Riluzole is a member of the benzothiazole class. The chemical designation for riluzole is 2-amino-6-(trifluoromethoxy)benzothiazole. Its molecular formula is C8 H5 F3 N2 OS, and its molecular weight is 234.2. The chemical structure is:
Riluzole is a white to slightly yellow powder that is freely soluble in acetonitrile, in alcohol, in methylene chloride, very slightly soluble in hexane and water. Riluzole Tablets, USP is available as a white to off-white coloured, capsule shaped film coated tablet, debossed with “RIL” on one side and “50” on other side.
Each film-coated tablet for oral use contains 50 mg of riluzole and the following inactive ingredients:
Core: dibasic calcium phosphate dihydrate, USP; croscarmellose sodium, USP/NF; hypromellose, USP; microcrystalline cellulose, USP/NF; magnesium stearate, USP/NF; colloidal silicon dioxide, USP/NF.
Film coating: Opadry Y-1-7000H White (hypromellose, USP; titanium dioxide, USP; polyethylene glycol 400, NF)
The mechanism by which riluzole exerts its therapeutic effects in patients with ALS is unknown.
The clinical pharmacodynamics of riluzole has not been determined in humans.
Table 2 displays the pharmacokinetic parameters of riluzole.

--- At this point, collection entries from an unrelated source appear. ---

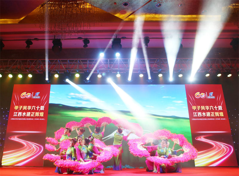 在喜慶熱鬧的開場舞《盛世中華》樂曲聲中,拉開了晚會的序幕,一曲優(yōu)美動聽的《今天是你的生日》,表達了對公司六十華誕的深情祝福,配樂詩朗誦《我驕傲,我是水建人》抒發(fā)了水建人對水利事業(yè)的熱愛與執(zhí)著,舞蹈《我的祖國》,展現(xiàn)了公司退休女職工的精神風(fēng)采和對公司的深厚感情,男聲獨唱《羅灣那個地方》,喚起了多少“羅灣水建人”曾經(jīng)在那里生活的記憶,來自上海的退休職工代表,為晚會帶來一首自己改編的歌曲《水建的朋友來相會》,詮釋了他們的激情與夢想,最后,由公司高中層管理人員和總部員工組成的60人大合唱《團結(jié)就是力量》,把晚會推向了高潮。團結(jié)是我們的力量之源,團結(jié)是企業(yè)騰飛的支點,走過了六十年輝煌歷程的江西水建,正在昂首闊步踏上新的征程。讓我們團結(jié)起來,以必勝的信心,發(fā)奮的努力,繼承和發(fā)揚老一輩水建人的精神和傳統(tǒng),擔(dān)當起新一代水建人改革創(chuàng)新科學(xué)發(fā)展的光榮使命,繼往開來,解放思想,開拓創(chuàng)新,凝心聚力,不斷開創(chuàng)江西水建發(fā)展的新局面,創(chuàng)造更加燦爛的明天!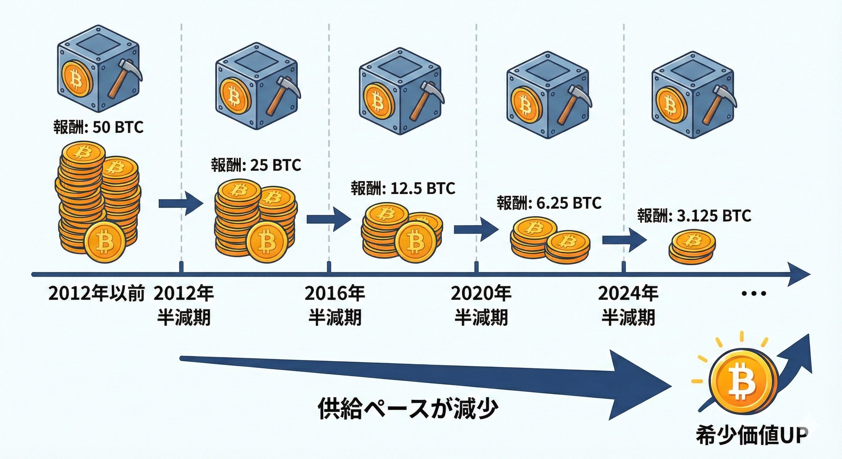 | 2回目 | 2016年7月 | 25 → 12.5 BTC | 2017年の仮想通貨バブル(「億り人」続出)へ繋がった |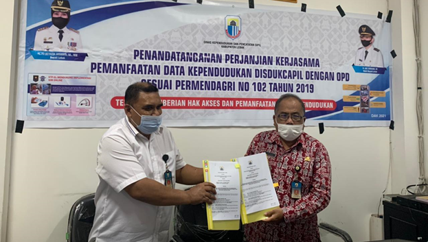 Dalam rangka hal tersebut, Dinas Kependudukan dan Pencatatan Sipil pada hari Kamis tanggal 24 Juni 2021 telah melakukan Penandatanganan Perjanjian Kerjasama Pemanfaatan Data Kependudukan dan Hak Akses antara Dinas Kependudukan dan Pencatatan Sipil Kabupaten Lebak dengan Dinas Sosial Kabupaten Lebak serta dengan Dinas Pendidikan Kabupaten Lebak yang dilaksanakan di ruangan Kepala Dinas Kependudukan dan Pencatatan Sipil Kabupaten Lebak.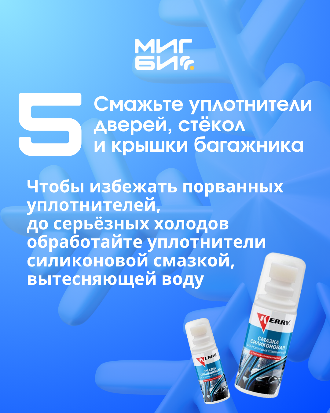Пятое – обработай уплотнители дверей и багажника силиконовой смазкой. Так они не примерзнут и не порвутся.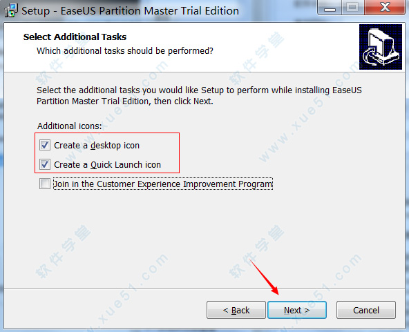 4、勾选创建快捷方式和桌面图标,不加入用户提升体验,默认选择即可,点击“Next”继续安装;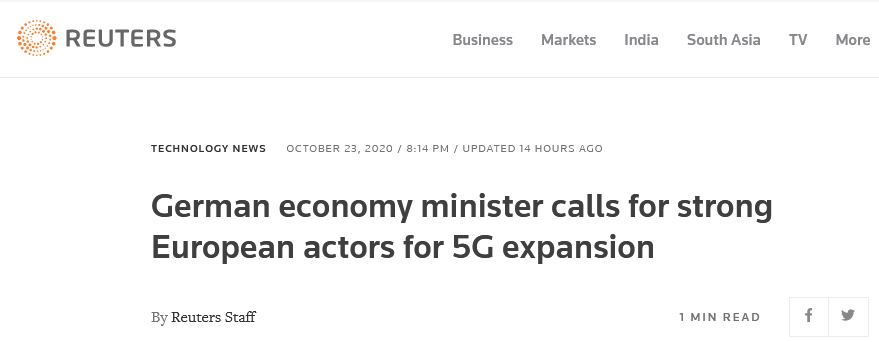 路透社称,阿尔特迈尔是周五在欧盟竞争部长举行的视频会议后作出的如上表示。阿尔特迈尔称,他并不反对华为。不过他补充说,这一领域需要强大的欧洲参与者。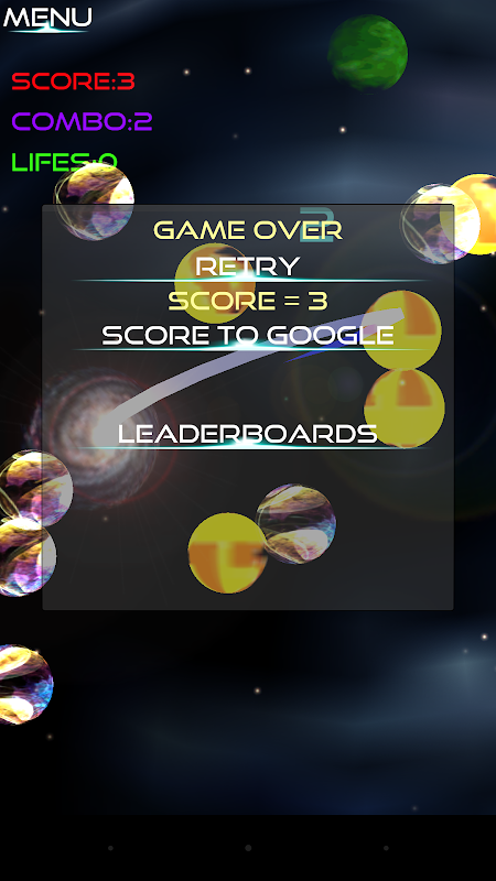 Ambientado en el espacio y con gráficos casi full hd tendrás que mover tu dedo a toda velocidad cazando las burbujas por la pantalla.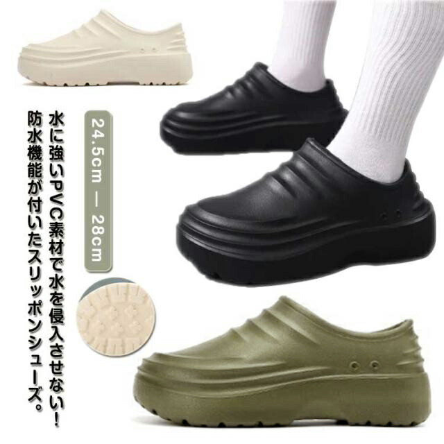 コックシューズ サンダル スリッポン ブラック(裏起毛あり) ブラック(裏起毛なし) グリーン(裏起毛なし) オフホワイト(裏起毛なし) 39(24.5cm) 40(25.0cm) 41(25.5cm) 42(26.0cm) 43(26.5cm) 44(27cm) 45(27.5cm) 46(28cm)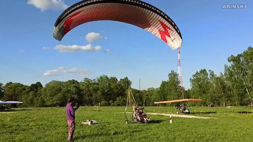 Взлетает мотодельтаплан и паралёт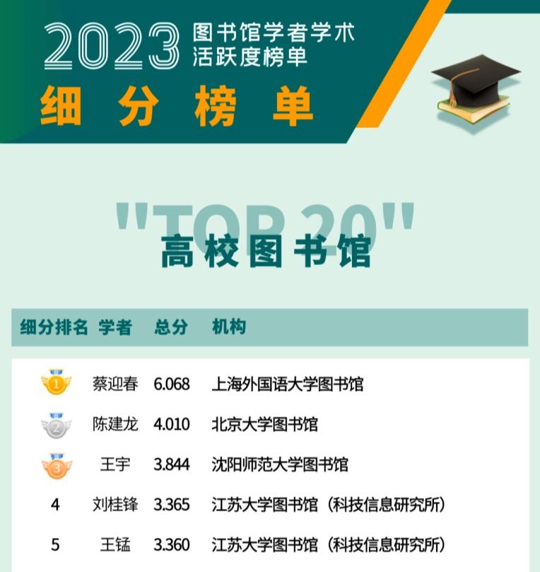 在發(fā)布的“2023圖書(shū)館學(xué)者學(xué)術(shù)活躍度榜”中,列出了2018年至2022年間在圖書(shū)情報(bào)領(lǐng)域中最具學(xué)術(shù)活躍度的學(xué)者。本次共統(tǒng)計(jì)4335位學(xué)者,上榜學(xué)者433位(前10%),并按分?jǐn)?shù)區(qū)間段分為五個(gè)等級(jí),其中,A類學(xué)者40人、B類學(xué)者113人、C類學(xué)者85人、D類學(xué)者115人、E類學(xué)者80人。我校圖書(shū)館劉桂鋒、王錳、蘇文成等11位館員上榜,其中A類2人,B類4人,C類3人,D類2人。(圖書(shū)館)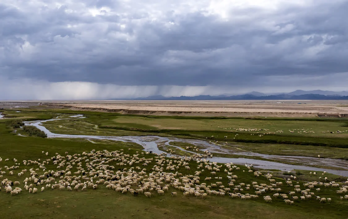 7月12日,在甘肃省阿克塞哈萨克族自治县阿勒腾乡哈尔腾村,羊群在夏日牧场吃草,远处正在降雨(无人机照片)。新华社发(高宏善摄)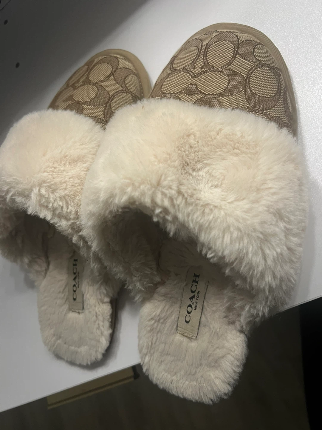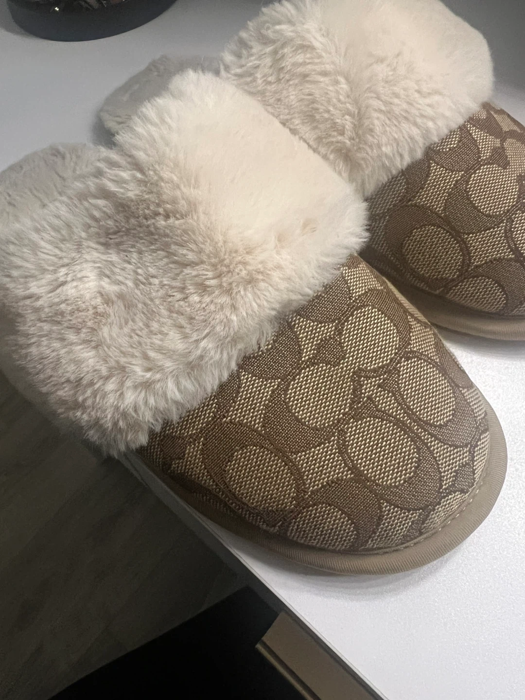 Cozy Coach slippers featuring the signature C monogram print. These have a soft faux fur lining and trim for extra warmth. Perfect for lounging around the house!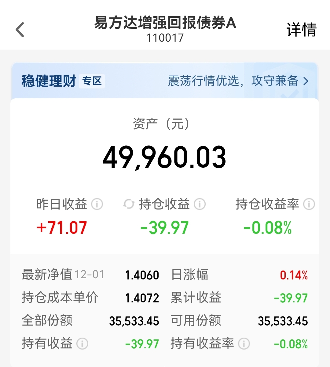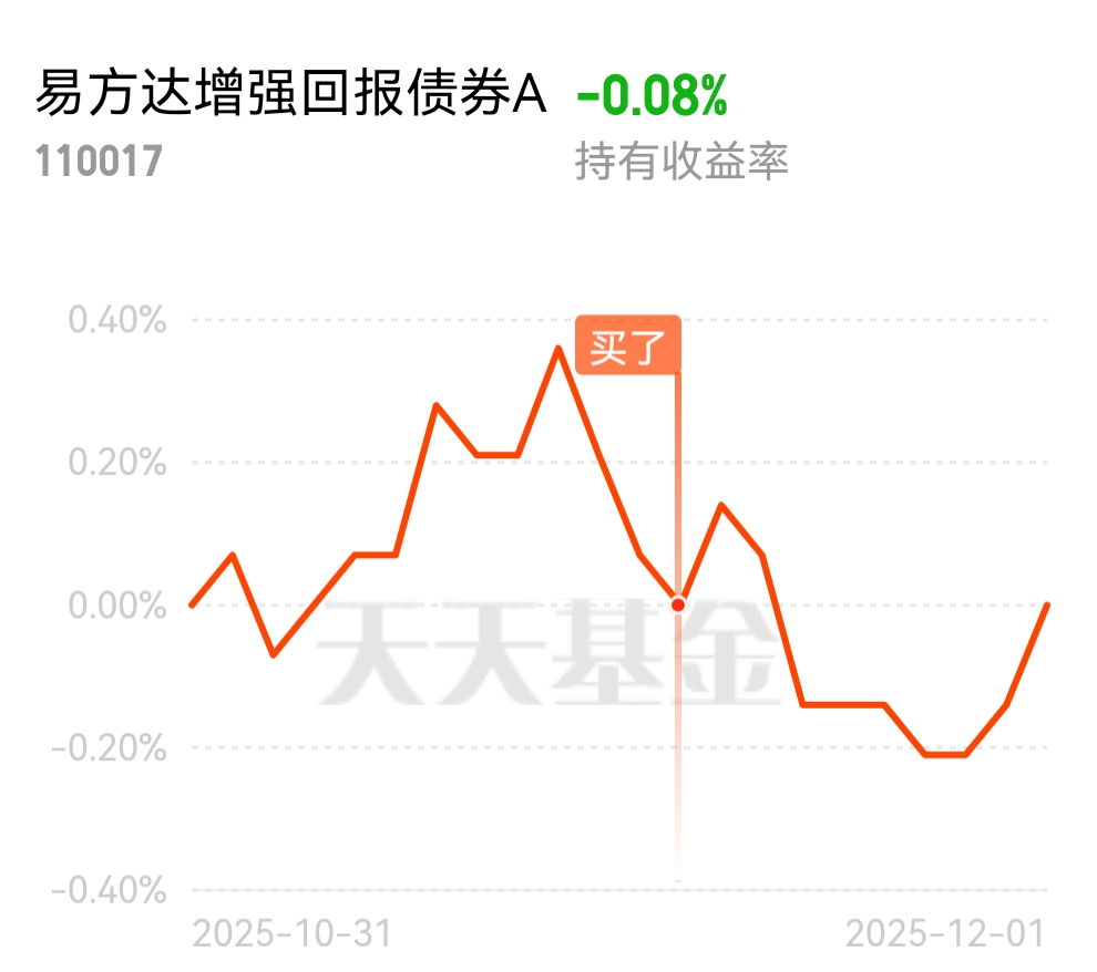 昨天个人持仓的$易方达增强回报债券A$ 收了14个蛋,近6个月收了315个蛋,虽然过去一个多月该基金净值波动较大,主要是受权益市场调整影响,但该基金历史上每次回调后都能快速修复,相信这次也不例外;
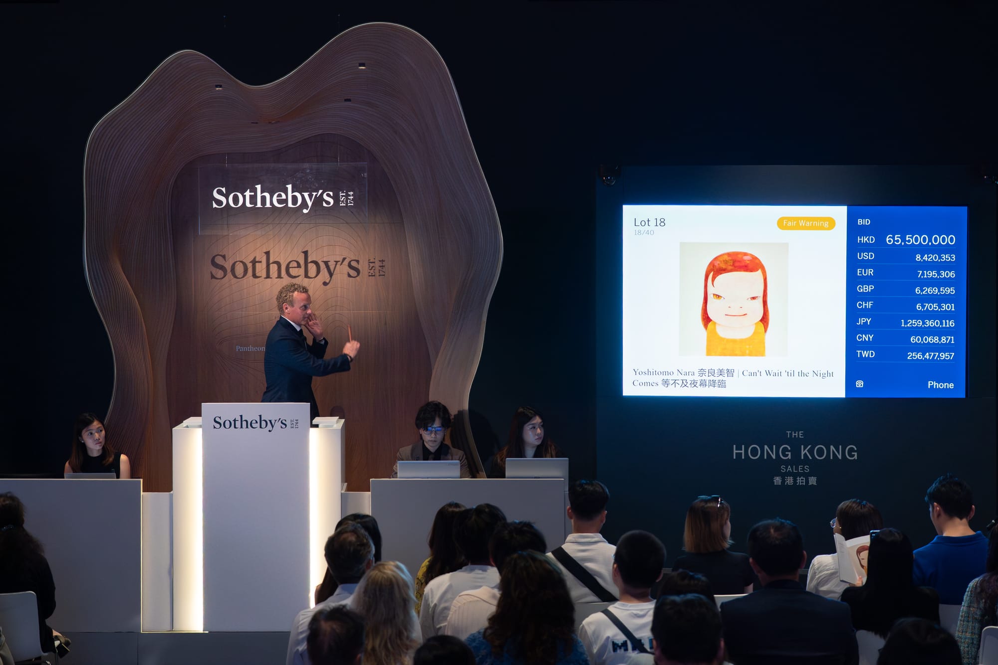 While there was no big-ticket Yoshitomo Nara lot at Christie’s on Friday, major paintings by the artist took center stage at Phillips and Sotheby’s on the following nights. At Phillips, Pinky (2000), a fresh-to-market portrait from a brief (and hence sought-after) early period in Nara’s oeuvre, was revealed as the house’s star lot at the end of July. Priced at HKD 60 to 80 million, it held the highest estimate for a work of this scale by the artist at auction. On September 27, in a room sparsely attended compared to Christie’s and Sotheby’s, there were no fireworks. Lisa Chow, managing director at Patti Wong & Associates, bid up the rare Nara to HKD 43 million in the room, and the work hammered at HKD 44 million (USD 5.7 million) to senior specialist Kevie Yang at the phone bank. In post-sale press releases and on the online lot page, the estimate was adjusted downwards—almost halved—to HKD 35 to 55 million.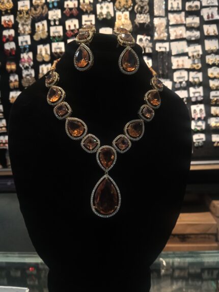 - Gemstone Detail: Features square, faceted mocha or light brown/champagne crystals set in an ornate frame.

Table 2. Pharmacokinetic Parameters of Riluzole
|Bioavailability (oral)||Approximately 60%|
|Dose Proportionality||Linear over a dose range of 25 mg to 100 mg every 12 hours(1/2 to 2 times the recommended dosage)|
|Food effect||AUC ↓ 20% and Cmax ↓ 45% (high fat meal)|
|D i stribution|
|Plasma Protein Binding||96% (Mainly to albumin and lipoproteins)|
|E li m i n ation|
|Elimination half-life||• 12 hours (CV=35%)• The high interindividual variability in the clearance of riluzole is potentially attributable to variability of CYP1A2. The clinical implications are not known.|
|Fraction metabolized (% dose)||At least 88%|
|Primary metabolic pathway(s) [i n vitro ]||• Oxidation: CYP1A2• Direct and sequential glucoronidation: UGT-HP4|
|Active Metabolites||Some metabolites appear pharmacologically active in vitro, but the clinical implications are not known.|
|Primary elimination pathways (% dose)||• Feces: 5%• Urine: 90% (2% unchanged riluzole)|
Compared with healthy volunteers, the AUC of riluzole was approximately 1.7-fold greater in patients with mild chronic hepatic impairment (CP score A) and approximately 3-fold greater in patients with moderate chronic hepatic impairment (CP score B). The pharmacokinetics of riluzole have not been studied in patients with severe hepatic impairment (CP score C) [see Use in Specific Populations (8.6)].
The clearance of riluzole was 50% lower in male Japanese subjects than in Caucasian subjects, after normalizing for body weight [see Use in Specific Populations (8.7)].
The mean AUC of riluzole was approximately 45% higher in female patients than male patients.
The clearance of riluzole in tobacco smokers was 20% greater than in nonsmokers.
Geriatric Patients and Patients with Moderate to Severe Renal Impairment
Age 65 years or older, and moderate to severe renal impairment do not have a meaningful effect on the pharmacokinetics of riluzole. The pharmacokinetics of riluzole in patients undergoing hemodialysis are unknown.
Drug Interaction Studies
Drugs Highly Bound To Plasma Proteins
Riluzole and warfarin are highly bound to plasma proteins. In vitro, riluzole did not show any displacement of warfarin from plasma proteins. Riluzole binding to plasma proteins was unaffected by warfarin, digoxin, imipramine and quinine at high therapeutic concentrations in vitro.